Goddess 2.0 has a nice balance of topics on the intersection of Goddess spirituality, feminism, politics and ecology. With some very well-known authors like Riane Eisler and Starhawk and lesser known names, it gives voice to a wide variety of perspectives including some international writers. Split into part one on Sacred Wisdom and part two on Sacred Action, the idea is to present a new way into the future based on the values of Goddess spirituality. Several essays were so good I would have liked to share them immediately with friends. A few of the essays irritated me. In a well-rounded anthology, feeling a full circle of emotions should be required.

The introduction by Rev. Dr.
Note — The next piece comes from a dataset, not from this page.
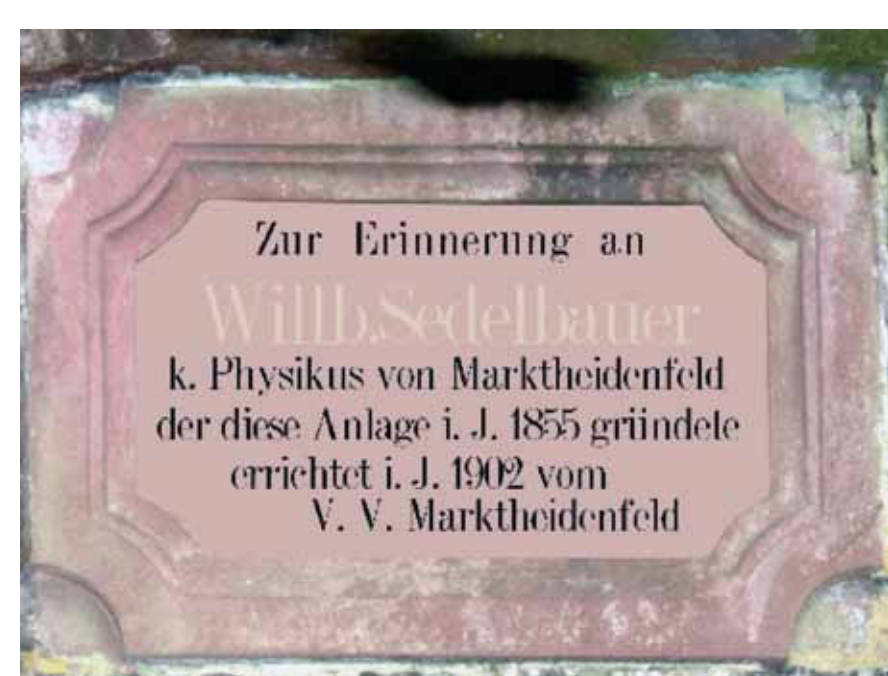
Gedenkstein für Willibald Sedelbauer in der Anlage, errichtet vom Verschönerungsverein

1882 entstand dort auch mit dem Bau eines Pavillons der berühmte Strohtempel. Aus dem Verschönerungsverein entwickelte sich 1925 mit dem 1920-25 bestehenden Spessartclub der Spessart- und Verschönerungsverein, der 1948 als Spessartverein wieder gegründet wurde und bis 2016 bestand.

Kate Tate is steeped in the kind of Goddess infused thealogy that declaims the patriarchy and sets up Goddess worship as the answer to the ills of male domination. Initially I wondered if the rest of the book would tread the same well-worn path but was pleasantly surprised to find thoughtful, researched essays, some of which turn a word in ways that will stick with you long after reading them. This collection doesn't shy away from controversy and will likely provoke you occasionally.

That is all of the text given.